Researchers have developed a ‘pill on a string’ that could help doctors detect esophageal cancer – cancer of the gullet – at an early stage.
Researchers said that ‘cytosponge’ sits within a pill which, when swallowed, dissolves to show a sponge that scrapes off cells when withdrawn up the gullet.
It allows doctors to collect cells from all along the gullet, whereas standard biopsies take individual point samples.
Esophageal cancer is often preceded by Barrett’s esophagus, a condition in which cells within the lining of the esophagus begin to change shape and can grow abnormally.
Between one and five people in every 100 with Barrett’s esophagus go on to develop esophageal cancer in their life-time, which can be difficult to treat.

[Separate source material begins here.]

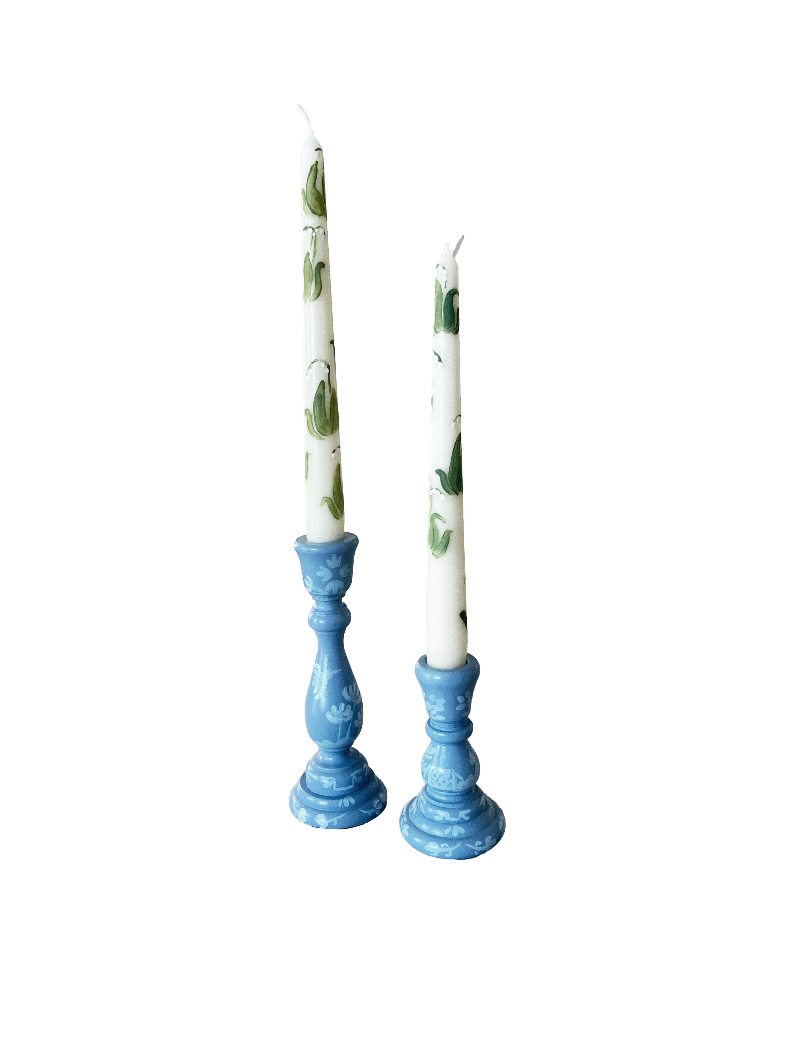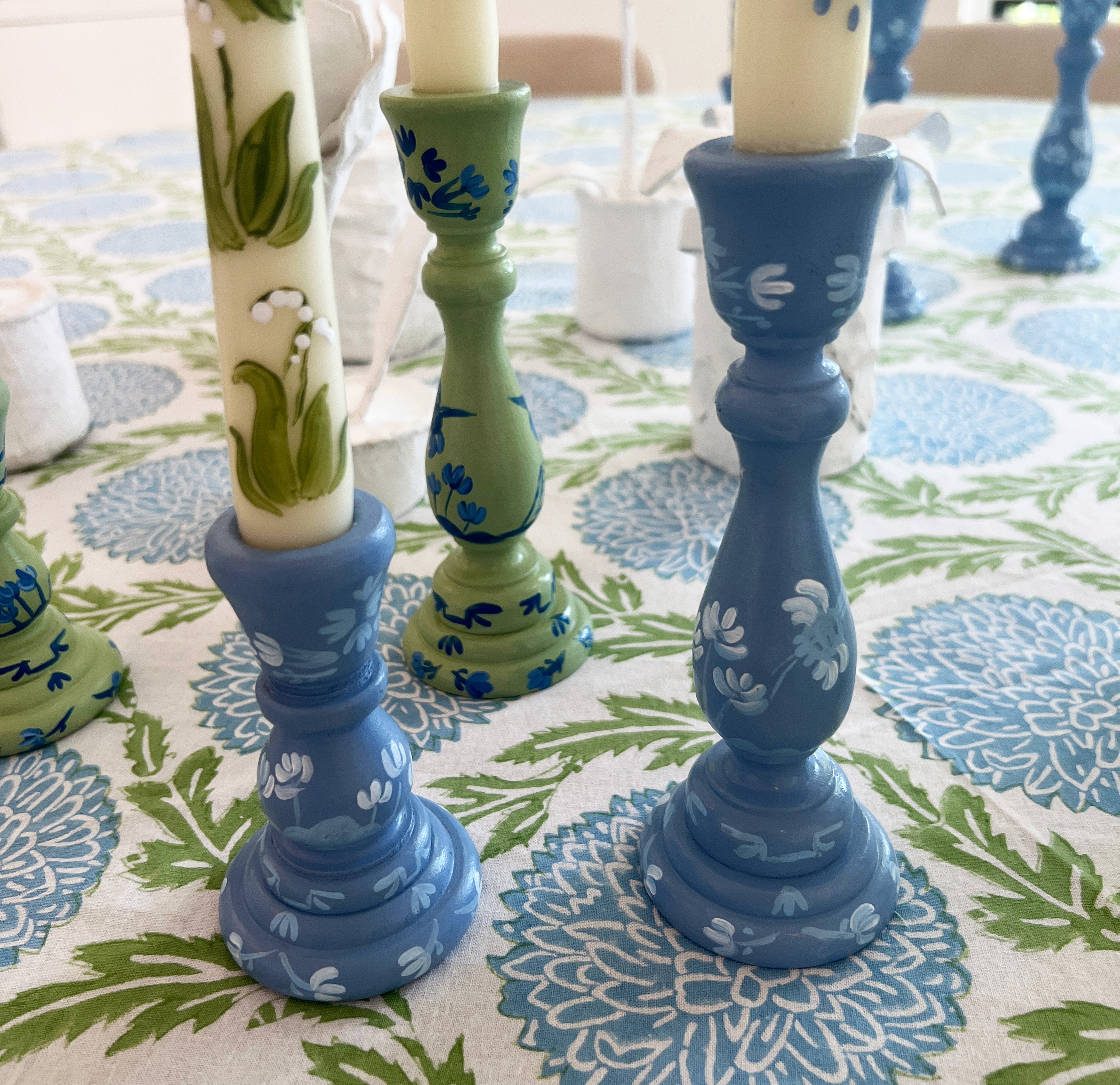 Lovely hand painted candleholders. Each candleholder includes artist signature from Sweet Pea + Whimsy and every candleholder is unique since it is hand painted. Perfect for a unique gift.

At present, Barrett’s esophagus and esophageal cancer are diagnosed using biopsies, which look for signs of dysplasia, the proliferation of abnormal cancer cells.
Now, researchers from the University of Cambridge have shown that variations in mutations across the esophagus mean that biopsies may miss cells with important mutations.
A sample was more likely to pick up key mutations if taken using the Cytosponge, developed by Rebecca Fitzgerald at the Medical Research Council Cancer Research Unit at the University of Cambridge.
“The trouble with Barrett’s esophagus is that it looks bland and might span over 10cm,” said Fitzgerald.
“We created a map of mutations in a patient with the condition and found that within this stretch, there is a great deal of variation amongst cells,” she said.
“Some might carry an important mutation, but many will not. If you’re taking a biopsy, this relies on your hitting the right spot. Using the Cytosponge appears to remove some of this game of chance,” she said.
Fitzgerald and colleagues carried out whole genome sequencing to analyse paired Barrett’s esophagus and esophageal cancer samples taken at one point in time from 23 patients, as well as 73 samples taken over a three-year period from one patient with Barrett’s esophagus.
The researchers found patterns of mutations in the genome that provided a ‘fingerprint’ of the causes of the cancer.
The team found fingerprints which they believe are due to the damage caused to the esophagus by stomach acid splashing onto its walls; the same fingerprints could be seen in both Barrett’s esophagus and esophageal cancer, suggesting that these changes occur very early on the process.
Even in areas of Barrett’s esophagus without cancer, the researchers found a large number of mutations in their tissue – on average 12,000 per person (compared to an average of 18,000 mutations within the cancer).
Many of these are likely to have been ‘bystanders’, genetic mutations that occurred along the way but that were not actually implicated in cancer.
The study was published in the journal Nature Genetics.